What this task involves:
Each line from the top of the listing through the one holding "Friedrich I. |" should be restated word for word, with nothing added and no pictures.

Data excerpt:

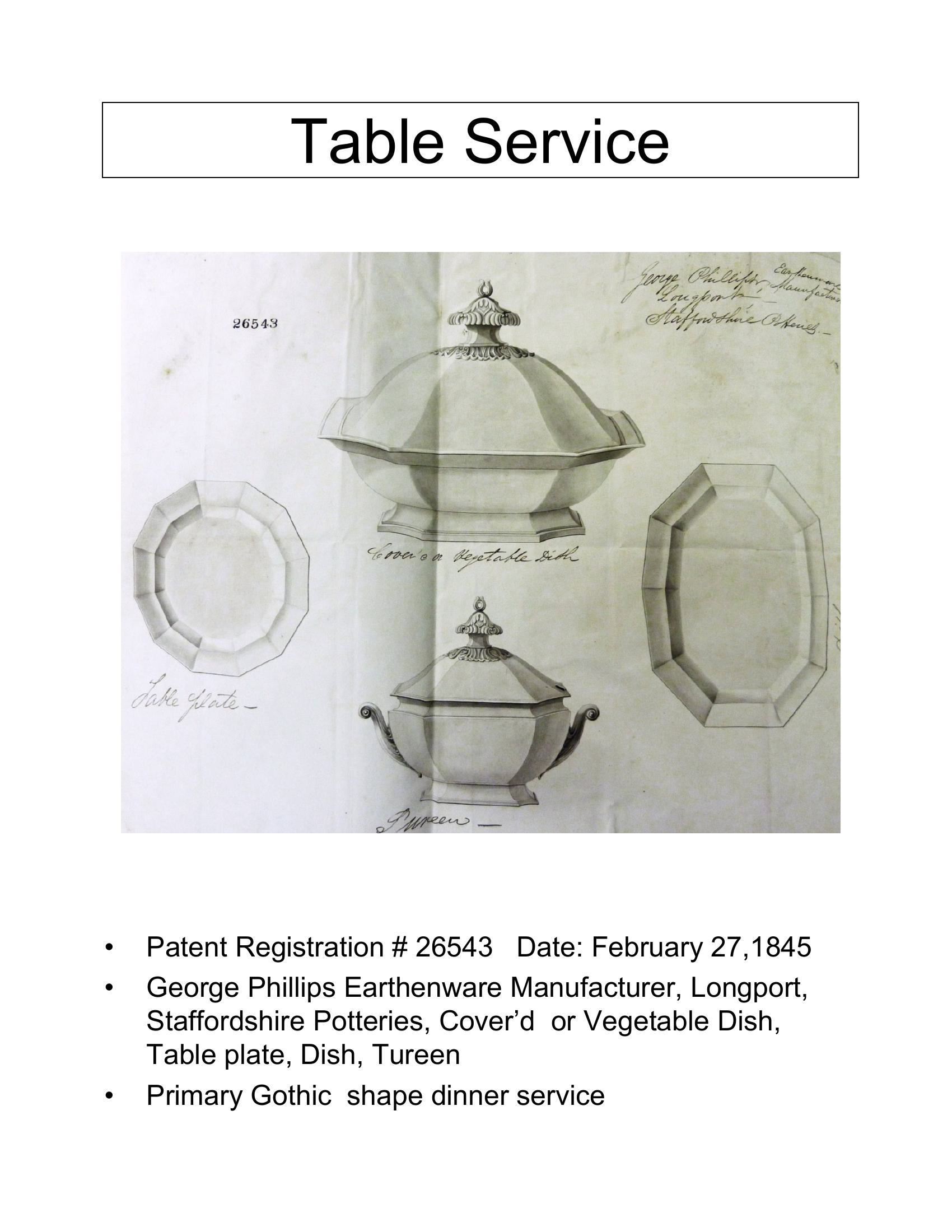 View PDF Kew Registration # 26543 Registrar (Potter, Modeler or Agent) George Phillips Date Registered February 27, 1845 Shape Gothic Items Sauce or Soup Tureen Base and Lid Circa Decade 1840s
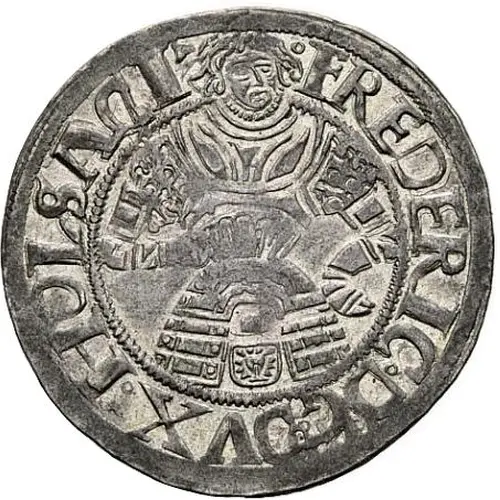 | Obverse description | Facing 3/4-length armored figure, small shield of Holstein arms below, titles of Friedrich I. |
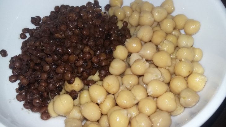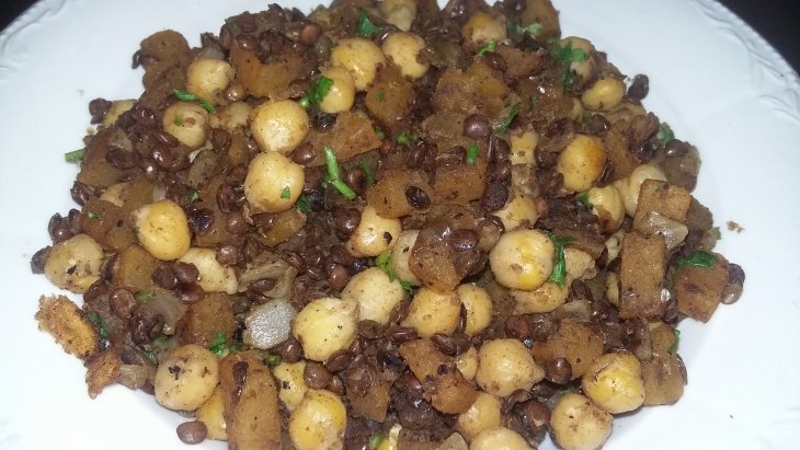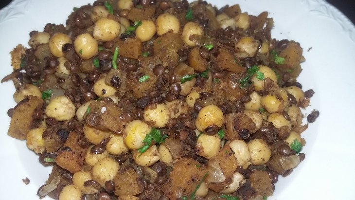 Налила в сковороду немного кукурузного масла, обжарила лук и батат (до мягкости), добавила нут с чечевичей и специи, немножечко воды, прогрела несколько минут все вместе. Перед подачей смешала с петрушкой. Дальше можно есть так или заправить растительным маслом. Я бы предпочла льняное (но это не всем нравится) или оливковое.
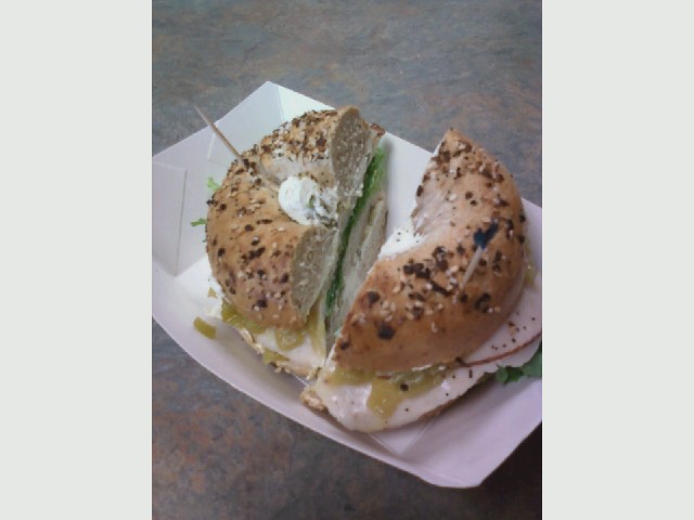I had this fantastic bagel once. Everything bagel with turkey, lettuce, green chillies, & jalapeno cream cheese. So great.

Exercise response:
 View PDF Kew Registration # 26543 Registrar (Potter, Modeler or Agent) George Phillips Date Registered February 27, 1845 Shape Gothic Items Sauce or Soup Tureen Base and Lid Circa Decade 1840s
 | Obverse description | Facing 3/4-length armored figure, small shield of Holstein arms below, titles of Friedrich I. |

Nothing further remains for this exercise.